(EXERCISE DATA Opens)

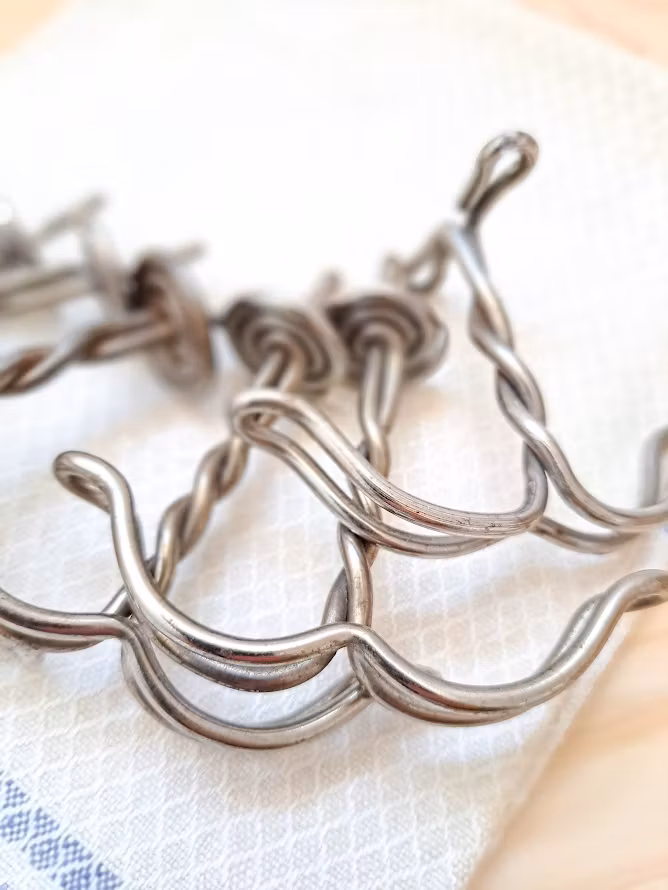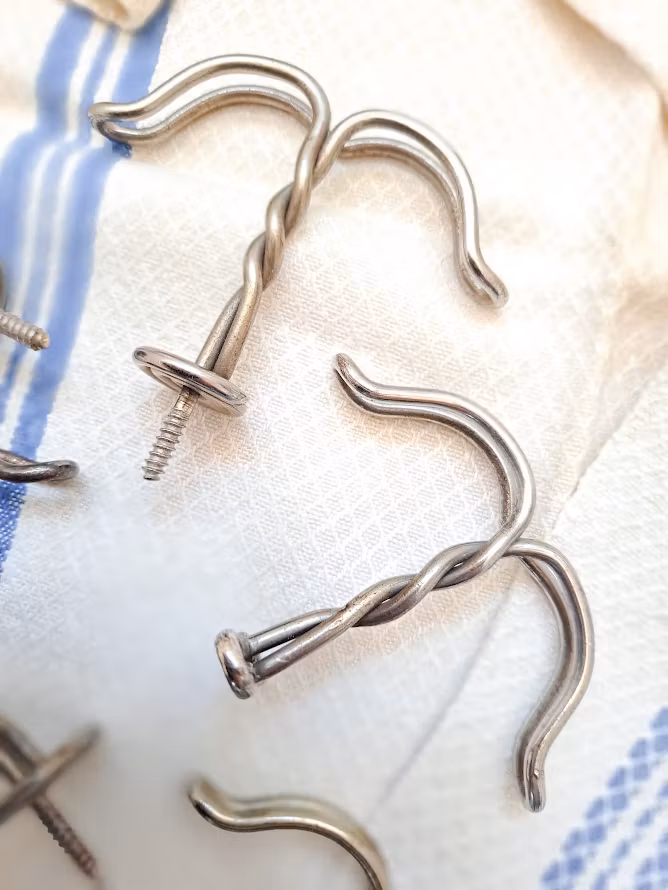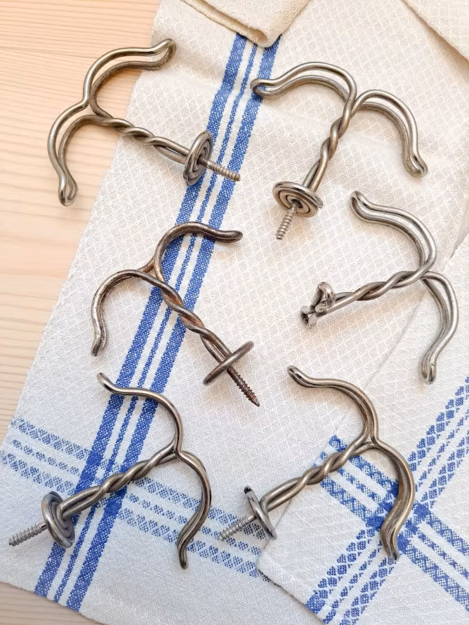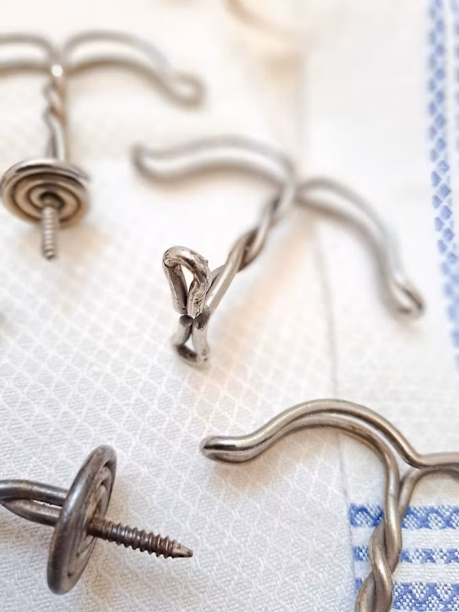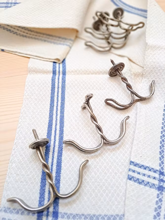 Klassiska äldre ankarkrokar i metall. För montage under exempelvis en hylla. Patina samt fästen kan variera något mellan de olika krokarna (se bilder). Levereras om 6 styck ankarkrokar.
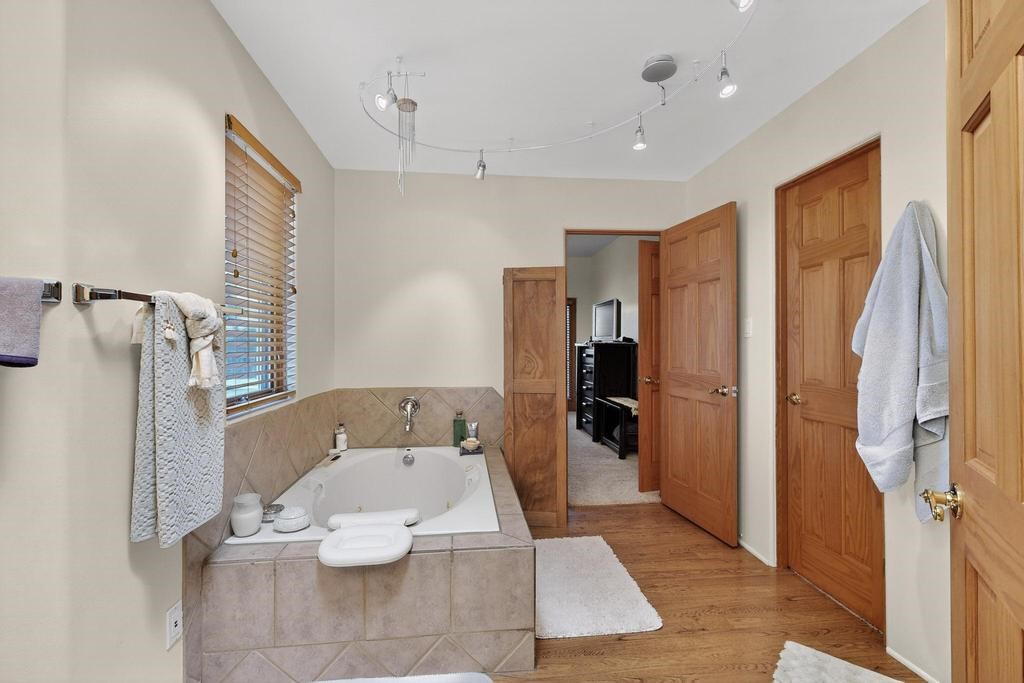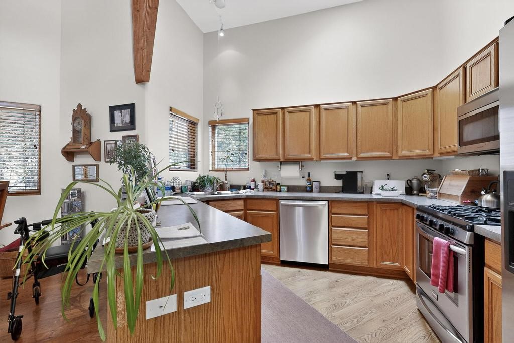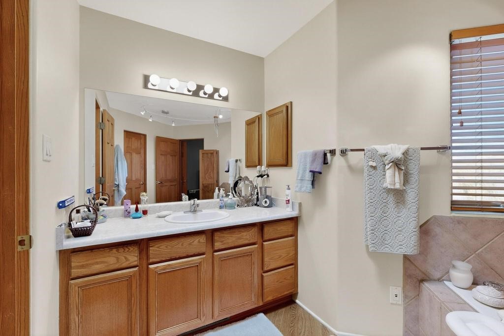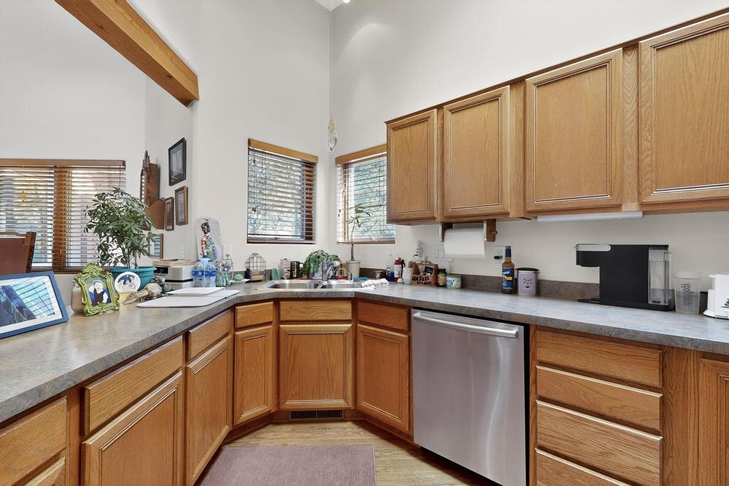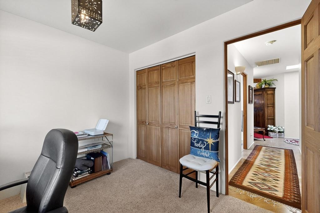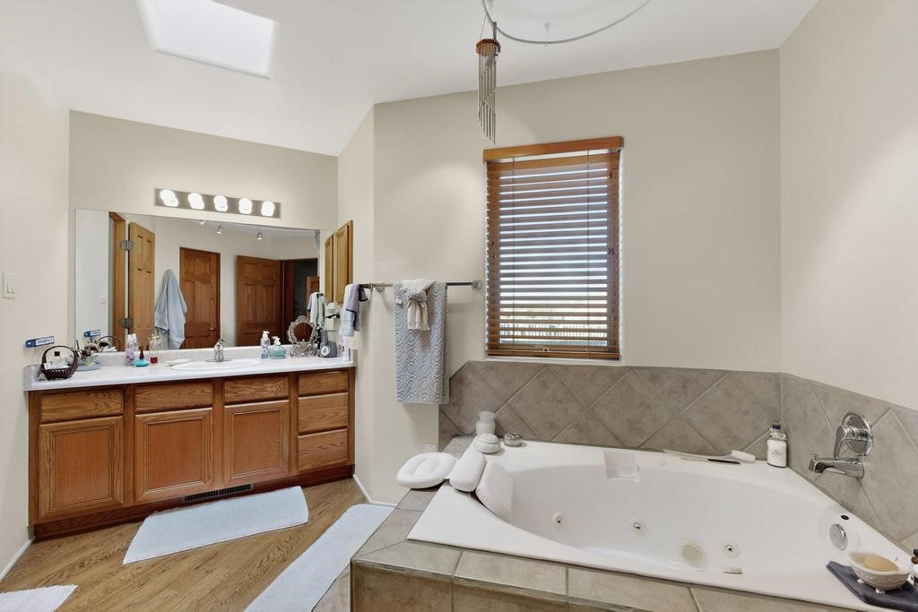 Don't miss this charming single-level home in Pueblos del Sol featuring three bedrooms and two bathrooms. This residence showcases classic Santa Fe details such as Vigas and a cozy Kiva fireplace. Lots of natural light streaming in from five skylights throughout the home. The open floor plan provides great flow and comfortable bedroom separation, while the spacious deck with a solid portal--accessible from both the living room and primary bedroom--offers the perfect place to relax and enjoy the beautiful mountain views. York Central air conditioning and a two-car garage complete this wonderful Santa Fe home. Additionally, the raised subfloor design allows for easy access to plumbing for repairs or modifications. Situated on a large, beautifully landscaped corner lot with native plants and an apricot tree, the property backs onto a greenbelt for added privacy. Recent updates include a finished garage with a new door (2016), a new TPO roof (2021), new coyote and dog-eared fencing (2021), stucco patched and stained (2025), a new hot water heater (2025), a new sump pump (2023), and a new tankless water heater (2025). We invite you to come take a look at this wonderful property.
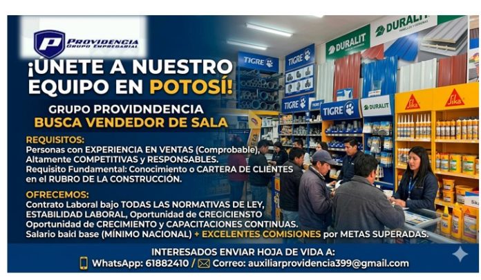 REQUERIMIENTO DE PERSONAL: VENDEDOR DE SALA
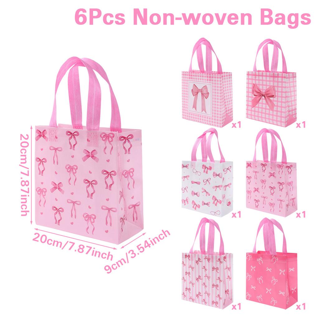 Pink Bow Non-woven Gift Bags Pink Bow Birthday Party Decorations Kids Girls Favors Gifts Handbags Wedding Baby Shower Supplies
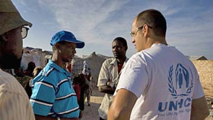 UNHCR workers help internally displaced people (IDPs) in Somalia. Thousands of IDPs celebrated the release of Hassan Mohammed Ali, head of UNHCR's office in Mogadishu, who was abducted in June by unknown gunmen.

(EXERCISE DATA Closes)

◆ **TASK TO COMPLETE**: Take the lines above from the top of the records through the one with "Don't miss this" and repeat them exactly, without any pictures.

◆ **TASK ANSWER**:
 Klassiska äldre ankarkrokar i metall. För montage under exempelvis en hylla. Patina samt fästen kan variera något mellan de olika krokarna (se bilder). Levereras om 6 styck ankarkrokar.
 Don't miss this charming single-level home in Pueblos del Sol featuring three bedrooms and two bathrooms. This residence showcases classic Santa Fe details such as Vigas and a cozy Kiva fireplace. Lots of natural light streaming in from five skylights throughout the home. The open floor plan provides great flow and comfortable bedroom separation, while the spacious deck with a solid portal--accessible from both the living room and primary bedroom--offers the perfect place to relax and enjoy the beautiful mountain views. York Central air conditioning and a two-car garage complete this wonderful Santa Fe home. Additionally, the raised subfloor design allows for easy access to plumbing for repairs or modifications. Situated on a large, beautifully landscaped corner lot with native plants and an apricot tree, the property backs onto a greenbelt for added privacy. Recent updates include a finished garage with a new door (2016), a new TPO roof (2021), new coyote and dog-eared fencing (2021), stucco patched and stained (2025), a new hot water heater (2025), a new sump pump (2023), and a new tankless water heater (2025). We invite you to come take a look at this wonderful property.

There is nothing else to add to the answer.